Symbolic computations for identities of linear operators

Many processes in science and engineering can be modeled by so-called linear functional systems. To manipulate and analyze such systems, one computes with the corresponding matrices and linear operators. Properties of systems and operators are expressed by identities. Instead of working with concrete matrices and operators, symbolic computation works with mathematical objects represented by symbols. The main goal of the project Symbolic computations for identities of linear operators is to automatize such formal computations with operators and classes of systems beyond what is currently possible on the computer. In particular, we are interested in symbolic methods and computer algebra tools for proving and discovering identities of linear operators and for solving operator equations. In the project, we develop methods to analyze classes of dynamical systems in engineered processes and their control.
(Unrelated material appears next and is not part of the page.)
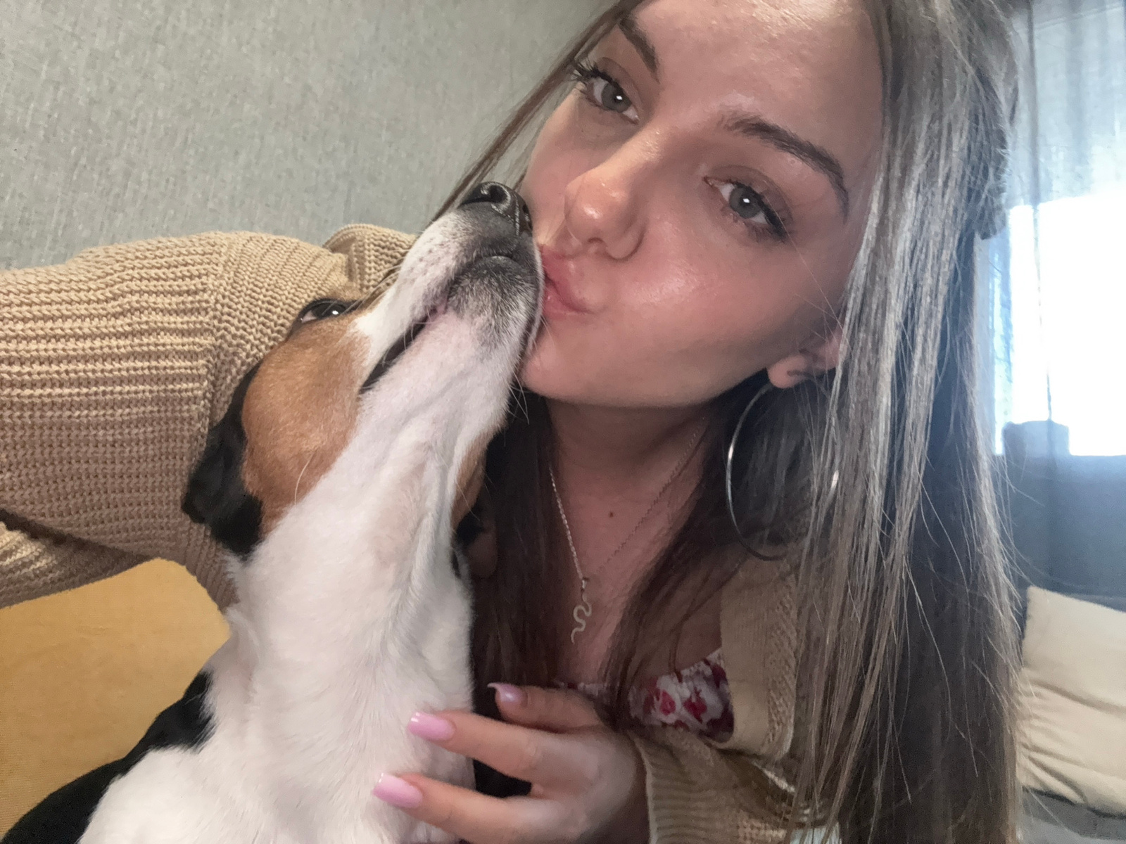 A woman is lying down and facing the camera. She is wearing a tan sweater, a white shirt with a red floral print, and a silver snake necklace. She has long brown hair, silver hoop earrings, and pink m…read more

These systems and their transformations are usually modeled by differential, delay, and integral operators. To compute with such operators, we work out a unique way of representing them. Based on these normal forms, we will prove and discover identities of operators automatically by computer algebra software, which we develop in the course of the project. If input and output of operators or matrices have different dimensions, they cannot be added and composed in arbitrary ways. This restricts computations with operators and matrices. In the project, we will work out new symbolic methods to deal with these restrictions. The idea is to first compute symbolically without restrictions and then justify the result independent of how it was obtained.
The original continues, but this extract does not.